About this task:
Repeat each entry as written, dropping any picture you find.

-------------------------

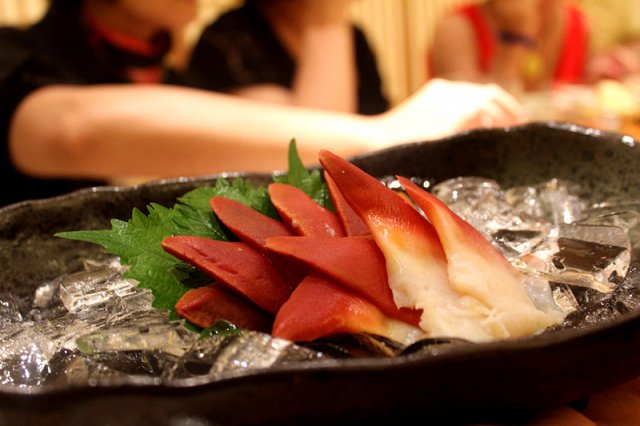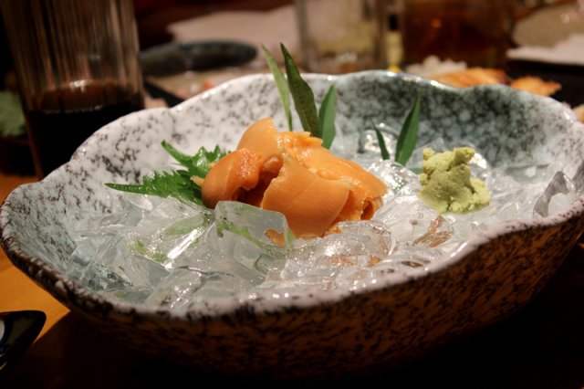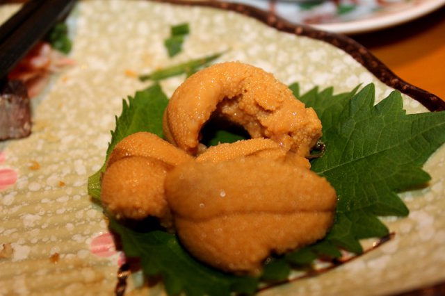 海胆要推荐呀,是活海胆,色泽也透着鲜亮有木有。口感一级棒啊,鲜美的舌头要吞掉啦。。
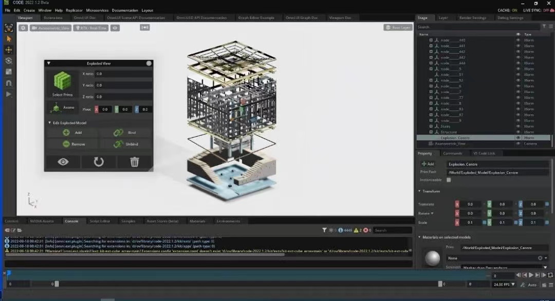 此次他在 Omniverse 上开发的一键生成爆炸图插件 Exploded View 主要关注的是对 USD 本身几何属性的调用和操控。插件巧妙的利用了 Omniverse 对组件进行 Group 后能自动计算其共同几何中心的特性,再分别读取每个组件自身的几何中心,进行爆炸距离的计算。
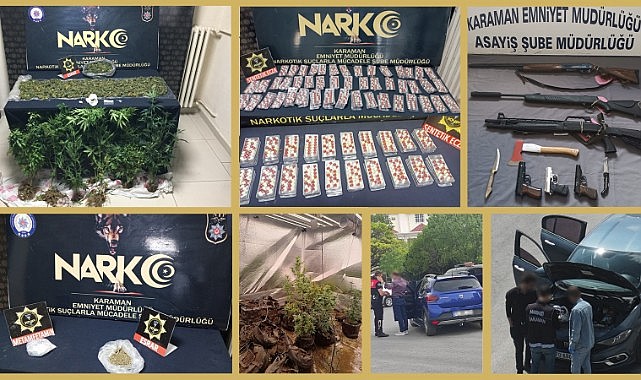 Denetimler esnasında 3 adet ruhsatsız tabanca, 3 adet ruhsatsız tüfek, 3 adet kesici delici-alet, 2068 gram uyuşturucu madde, 2 bin 602 adet uyuşturucu hap, 31 gram esrar tohumu ve 11 kök kenevir ele geçirildi.
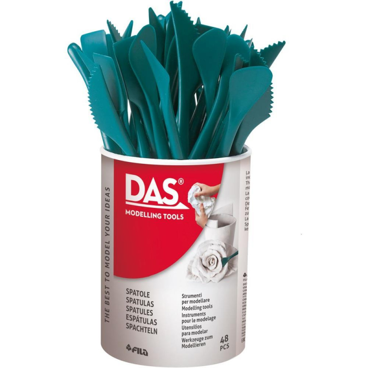Pote com espatulas e ferramentas de modelagem. O pote de ferramentas para esculpir contem 48 pecas, com 12 unidades de cada tipo. As ferramentas para esculpir sao ideais para modelar detalhes, cavar e remover o excesso de massa DAS com precisao. Ja as espatulas de corte sao perfeitas para acabamentos, marcacoes, texturizacoes e cortes no material, oferecendo mais controle e qualidade ao trabalho
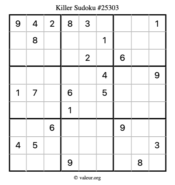 Killer Sudoku puzzle #25303 is not the only killer Sudoku puzzle in our database. We have thousands of killer Sudoku puzzles that you can print and solve. Check them out here!
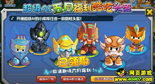 活动介绍:活动期间,拥有超级AI的小库库可以在以下6款头盔中任意领取一个。
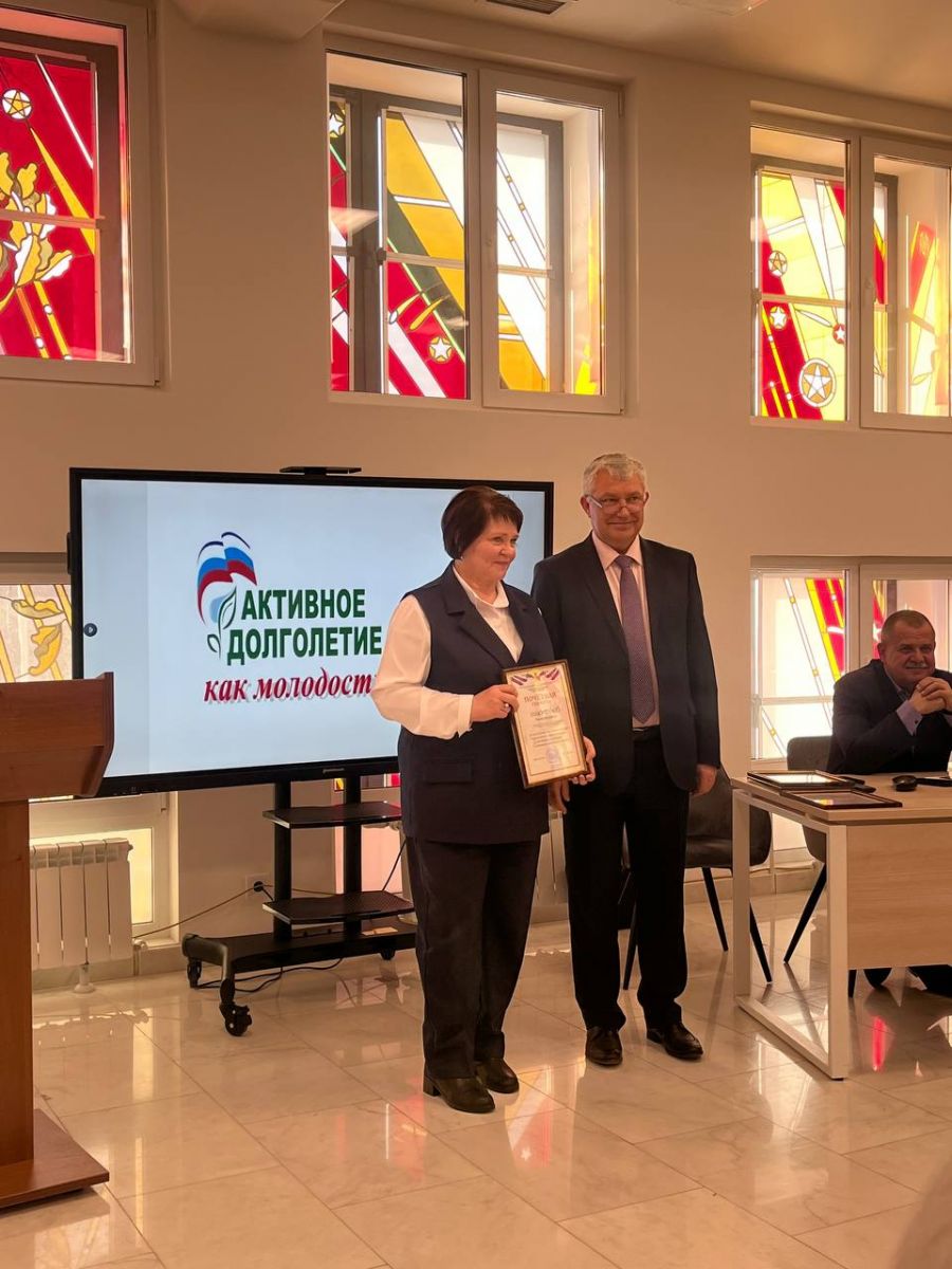 Завершилось заседание торжественной церемонией награждения. За активную жизненную позицию и большой личный вклад почетными грамотами были отмечены представители ветеранских организаций. Среди награжденных – председатель первичной ветеранской организации "КУВО УСЗН Советского района", заместитель директора Мария Федоровна Никулина.
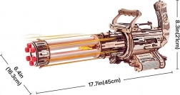 Model sa skladá zo 412 presne vyrezaných drevených dielikov a zostavíte ho bez použitia lepidla. Predná spúšť zabezpečuje rotáciu hlavní, horná spúšť uvoľňuje streľbu – dvojitá akcia pre dvojnásobnú zábavu. Po dokončení získate výrazný dekoračný prvok, ktorý vynikne v každej zbierke technických a filmových replík.

-------------------------

Solution below:
 海胆要推荐呀,是活海胆,色泽也透着鲜亮有木有。口感一级棒啊,鲜美的舌头要吞掉啦。。
 此次他在 Omniverse 上开发的一键生成爆炸图插件 Exploded View 主要关注的是对 USD 本身几何属性的调用和操控。插件巧妙的利用了 Omniverse 对组件进行 Group 后能自动计算其共同几何中心的特性,再分别读取每个组件自身的几何中心,进行爆炸距离的计算。
 Denetimler esnasında 3 adet ruhsatsız tabanca, 3 adet ruhsatsız tüfek, 3 adet kesici delici-alet, 2068 gram uyuşturucu madde, 2 bin 602 adet uyuşturucu hap, 31 gram esrar tohumu ve 11 kök kenevir ele geçirildi.
Pote com espatulas e ferramentas de modelagem. O pote de ferramentas para esculpir contem 48 pecas, com 12 unidades de cada tipo. As ferramentas para esculpir sao ideais para modelar detalhes, cavar e remover o excesso de massa DAS com precisao. Ja as espatulas de corte sao perfeitas para acabamentos, marcacoes, texturizacoes e cortes no material, oferecendo mais controle e qualidade ao trabalho
 Killer Sudoku puzzle #25303 is not the only killer Sudoku puzzle in our database. We have thousands of killer Sudoku puzzles that you can print and solve. Check them out here!
 活动介绍:活动期间,拥有超级AI的小库库可以在以下6款头盔中任意领取一个。
 Завершилось заседание торжественной церемонией награждения. За активную жизненную позицию и большой личный вклад почетными грамотами были отмечены представители ветеранских организаций. Среди награжденных – председатель первичной ветеранской организации "КУВО УСЗН Советского района", заместитель директора Мария Федоровна Никулина.
 Model sa skladá zo 412 presne vyrezaných drevených dielikov a zostavíte ho bez použitia lepidla. Predná spúšť zabezpečuje rotáciu hlavní, horná spúšť uvoľňuje streľbu – dvojitá akcia pre dvojnásobnú zábavu. Po dokončení získate výrazný dekoračný prvok, ktorý vynikne v každej zbierke technických a filmových replík.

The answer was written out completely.